Para alguns, o posicionamento de Zeca pode parecer uma surpresa. Porém seu oportunismo não é novidade: ele já manifestara semelhante posição há quase 20 anos – em 2004 – quando era governador do estado. À época, declarou que a então Fundação Nacional do Índio (hoje Fundação Nacional dos Povos Indígenas; Funai) estava incentivando retomadas em Japorã, trazendo indígenas de outro estado e do Paraguai “para engrossar esse conflito”. Vê-se que Zeca acredita que os Guarani-Kaiowá são manipulados por forças externas e não consegue enxergar as condições objetivas próprias da vida que empurram esse povo para lutar. Não enxerga ou, melhor, se alia aqueles que são o motivo deles lutarem: aos latifundiários. Destacamos que o mesmo, quando governador do estado, se negou a entregar cestas básicas para indígenas que estavam em retomada, como forma de “punição”. Também, quando do massacre de Caarapó, em 2016, foi com outros oportunistas chorar suas lágrimas de crocodilo sob o féretro do guerreiro Clodiodi, enquanto os governos petistas, a nível estadual e federal, sempre favoreceu o latifúndio quando das famigeradas reintegrações de posse.
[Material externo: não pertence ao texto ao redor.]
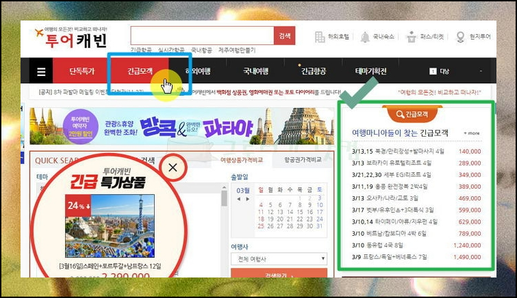 메인 메뉴에서 '긴급모객' 옵션을 클릭해보세요. 화면 우측 상단에는 여행 마니아들이 자주 찾는 특별 패키지들이 모여 있습니다. 이곳에서 다양한 긴급모객 땡처리를 손쉽게 확인할 수 있어요. 진짜 여행 고수들은 이 섹션을 매일 체크하며 특가 상품을 놓치지 않는답니다.

Buscado por reportagens, o latifundiário e oportunista Zeca do PT reafirmou sua posição: “Aos que me atacam por minha posição em defesa da legalidade, saibam que essa também é a posição do governo Lula […] Tanto eu quanto o governo Lula estamos 100% comprometidos com a reforma agrária e a demarcação de terras indígenas. Porém, não será com ocupações ou invasões que vamos contribuir com esse processo.” disse em seu Instagram (negrito nosso).

Suas falas, embora repletas de mentiras e absurdos, serve para os Guarani-Kaiowá e seus apoiadores reafirmarem uma máxima conhecida da luta de classes: nenhum governo demarcou nem demarcará as terras indígenas, nem entregou de “mãos beijadas” qualquer mínimo direito. Afinal, verdade seja dita: Zeca tem razão quando diz que Lula não concorda com a luta combativa de indígenas e camponeses. Pois para se manter no seu governo de conciliação deverá manter-se firmemente ao lado dos latifundiários, sem chocar minimamente com seus interesses. Exemplo disso é o próprio Mato Grosso do Sul, onde o PT apoiou Eduardo Riedel ao governo (chamado pelos indígenas de “Eduardo Hitler”). Será que não sabiam do histórico deste facínora no famigerado “Leilão da Resistência” em 2013, que armou os latifundiários contra as retomadas indígenas e criminalizou os companheiros do Conselho Indigenista Missionário?

Agora, como parte da cruzada anti-retomada encabeçada por Riedel/Zeca, lideranças do Conselho Aty Guasu são criminalizadas, perseguidas de diversas maneiras, inclusive sendo intimadas a depor na Polícia Federal. Também são alvo de investidas os apoiadores desta justa luta. Nós do Comitê de Apoio a Luta dos Povos Indígenas condenamos toda e qualquer tentativa de criminalização da luta popular, em particular a grandiosa resistência dos Guarani-Kaiowá contra o roubo histórico de suas terras tradicionais! Lutar não é crime!

E como parte que são do velho Estado burocrático-latifundiário, condenamos o oportunismo eleitoreiro, que busca corporativizar esta luta (chegaram tarde!). Somente a persistência no caminho das retomadas como luta legítima pela Autodemarcação dos territórios garantirá o respeito aos direitos originários dos povos indígenas. É isso que a história prova! O que fará o atual governo federal? Acatará a demanda dos indígenas e camponeses, correndo risco de perder a relação com seus “companheiros e amigos” do agronegócio? O Sr. Zeca do PT já nos fez o favor de deixar claro que não. A energia represada de séculos do bravo povo Guarani-Kaiowá não será contida por ninguém!

Avançar as Retomadas! Viva a Autodemarcação das terras indígenas!

Todo apoio ao Conselho Aty Guasu e ao tekoha Laranjeira Nhanderu!